Task instructions: Return the lines that run from the beginning of the entries to the line holding "Figure 2. The", inclusive, and drop the pictures.

[Opening Data records section]

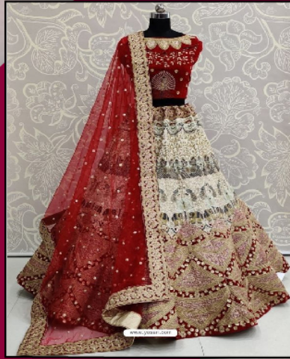
Embroidered Bridal Lehenga Choli
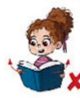
Don't close your book!
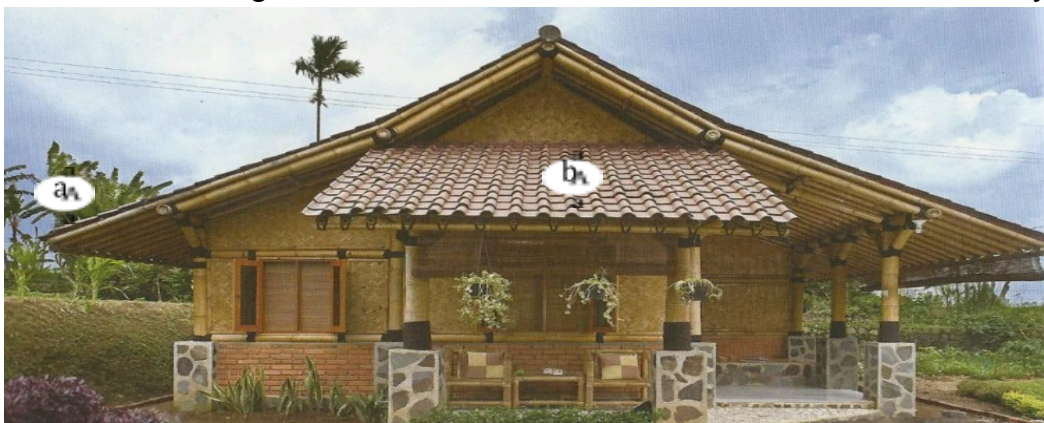
Figure 2. The appearance of Desa Banyuresmi: (a) Majority of house type owned by the community; (b) Grass appearance of the community field.

The research must contain at maximum 3 (three) figures and/or tables. If a group of photos or figures shows a process, the group is considered 1 (one) figure. Each group of figures have to be prefaced with a description which links the figures. Relevant documentation with a focus on community empowerment
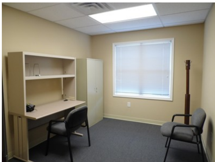
10412 Allisonville Rd. #112 separate office
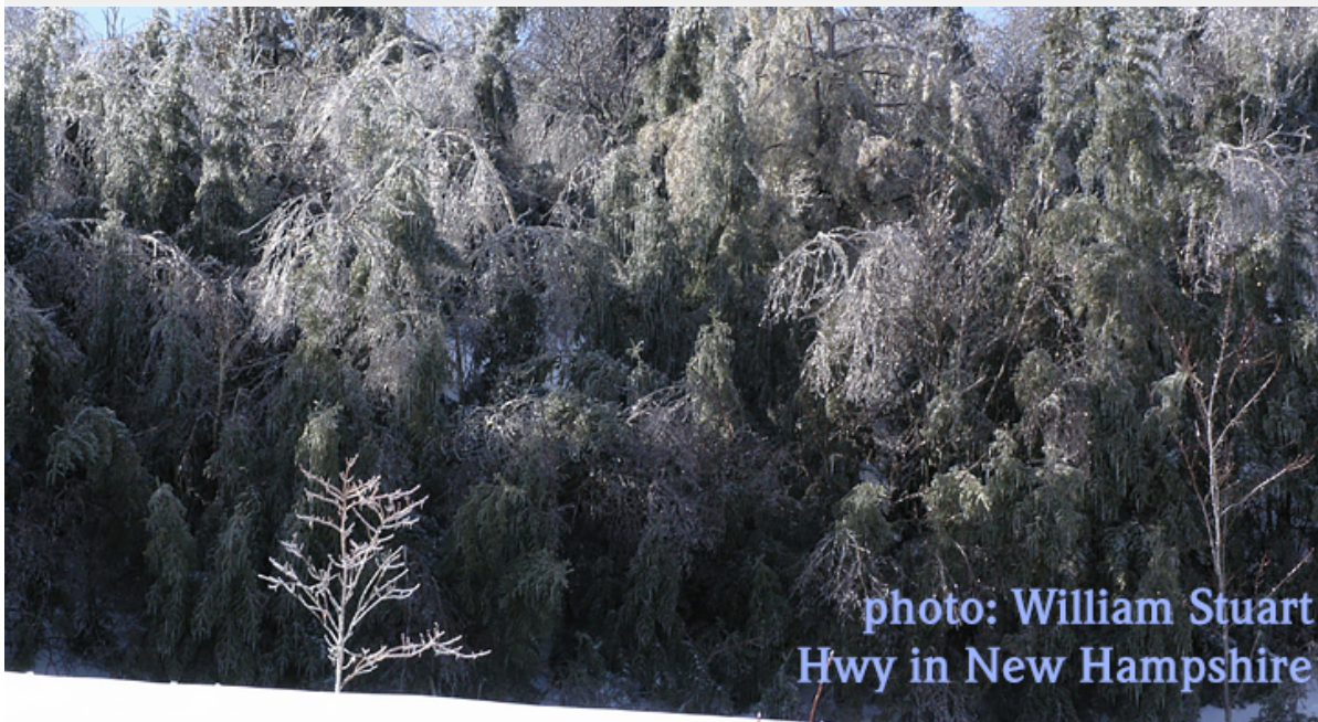
photo: William Stuart Hwy in New Hampshire
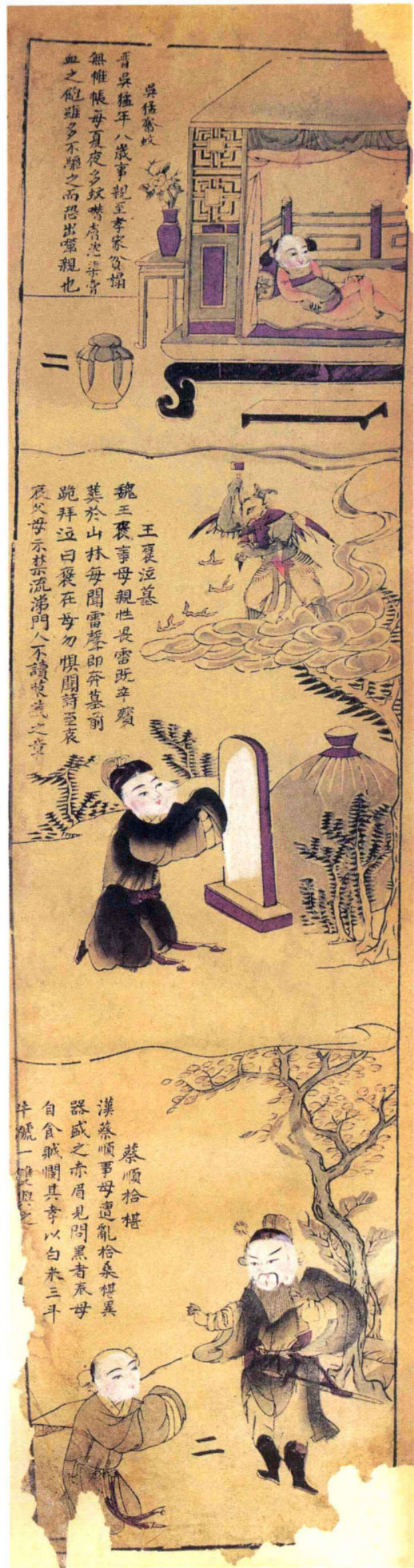
2-2 二十四孝图 103 × 30cm 清代 半印半绘 Illustrated Twenty-four Cases of Filial Piety 103 × 30 cm, Qing Dynasty, semi-printed and semi-drawn
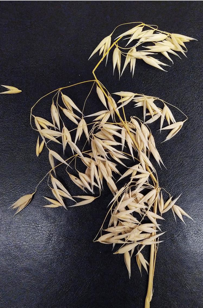
Image 1. An oat panicle
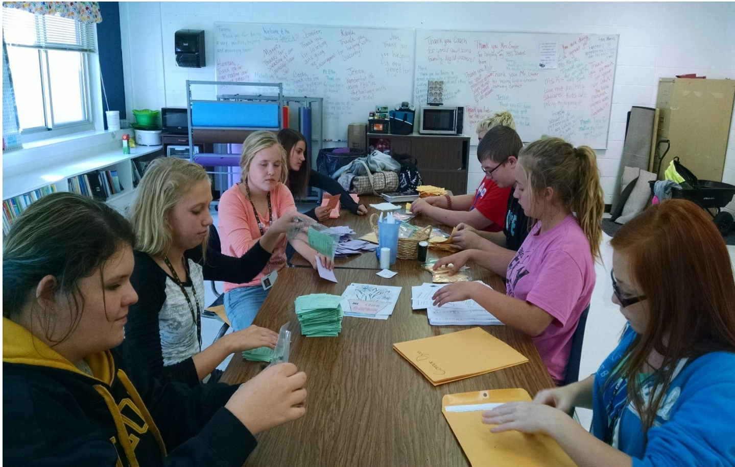
Daily Leadership class
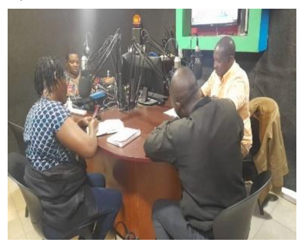
Radio talk shows on Voice of Kigezi(V.O.K)

and topowa forums, Community Barazas at parish level and also to raise awareness among the public on issues regarding electoral processes and as the feedback mechanism where different stakeholders were identified as panelists to handle key topics.
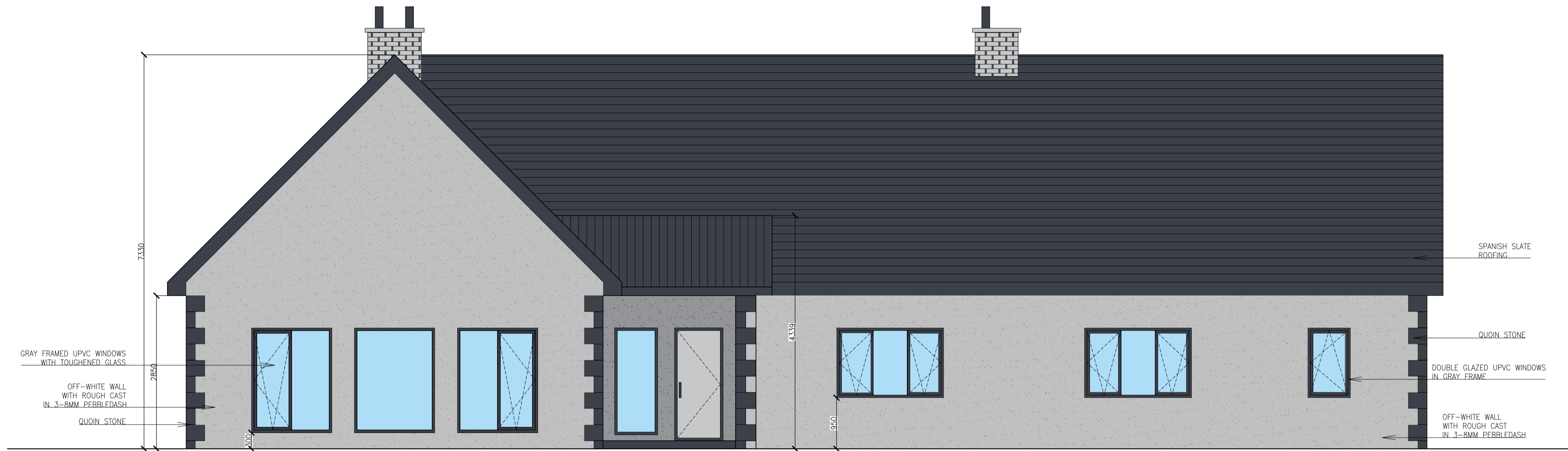
01 South Elevation (Proposed) Scale 1:50 @ A1

[Closing Data records section]

Task response:
Embroidered Bridal Lehenga Choli
Don't close your book!
Figure 2. The appearance of Desa Banyuresmi: (a) Majority of house type owned by the community; (b) Grass appearance of the community field.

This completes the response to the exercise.